Dave Larsen, humorist and storyteller, is a member of Hope Christian Reformed Church in Oak Forest, Illinois with his wife Sally, and is the retired Director of the Bright Promise Fund for Urban Christian Education.

8 Comments

  • Don Tamminga says:

    As a former cadet who was deeply influenced by some great counselors and by the many wonderful experiences of the program, I really enjoyed your article.

  • Mary Hollebeek says:

    Thank you for this. I haven’t chuckled at and related to a posting in a long time like I did to this one!

  • Susan says:

    Loved this story. Lots of truth in these lines.

  • Joel E Slenk says:

    This story must be autobiographical to some extent. I have experienced the complete Cadet pinewood derby emotional spectrum told above. Now that we are in a more sensitive time, many churches have the cadets build and design their cars on at church on Wednesday nights with provided power tools and adult supervision. A good way to level the playing field.

  • Henry Baron says:

    Wonderful story and beautifully written!

  • David Larsen says:

    It is indeed largely autobiographical, and I’ve noticed too that some churches adopt the build/design process you describe. Some also combine the boys and girls groups for the big race event.

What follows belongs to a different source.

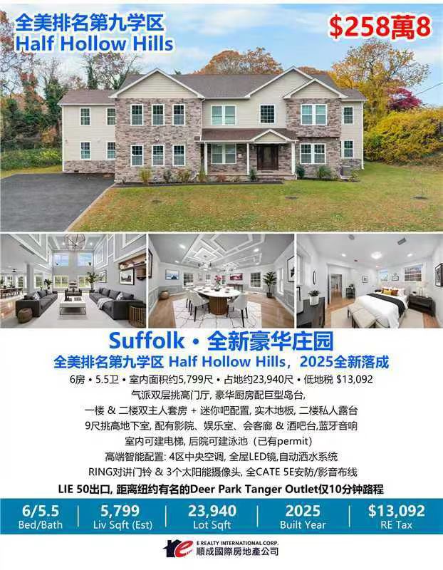 ✨ Half Hollow Hills全美排名第九长岛学区 · Suffolk · 全新豪华庄园 ✨

    • Jeff Carpenter says:

      Being a dad during the old-school “build-’em-at-home, no questions asked” era of Cadets, I recall going with another teacher, before all the modern security installations made a mere shared-master-key obsolete, sneaking in to the h.s. shop to do the initial shaping of the car block on the school’s bandsaw. We let our own kids do their own sanding and finish work; there had to be some level of integrity in the project. Still traumatic in the memory though, as much as for dad consoling a heartbroken first-born in a darkened sanctuary, while hearing in the fellowship hall all the happy sounds of his winning best-friend.
      WIth some pride this past spring I witnessed two granddaughters faring well among their peers– GEMS and Cadets– pacing well in the win-place-“show” categories. :?) Doing all their own work, I might add.
      I hope you write the sequel story, about the annual Cadet Campout, always on a rainy campfire-smoky weekend—perhaps including those radical years when several progressive Calvinettes leaders accomplished their campout. On bright & sunny weekends, too yet.

    • Lois Roelofs says:

      I must comment not as Russ’s wife but as a different Lois that I’d be tremendously cautious of the slippery slope you refer to. Your satire is absolutely delicious.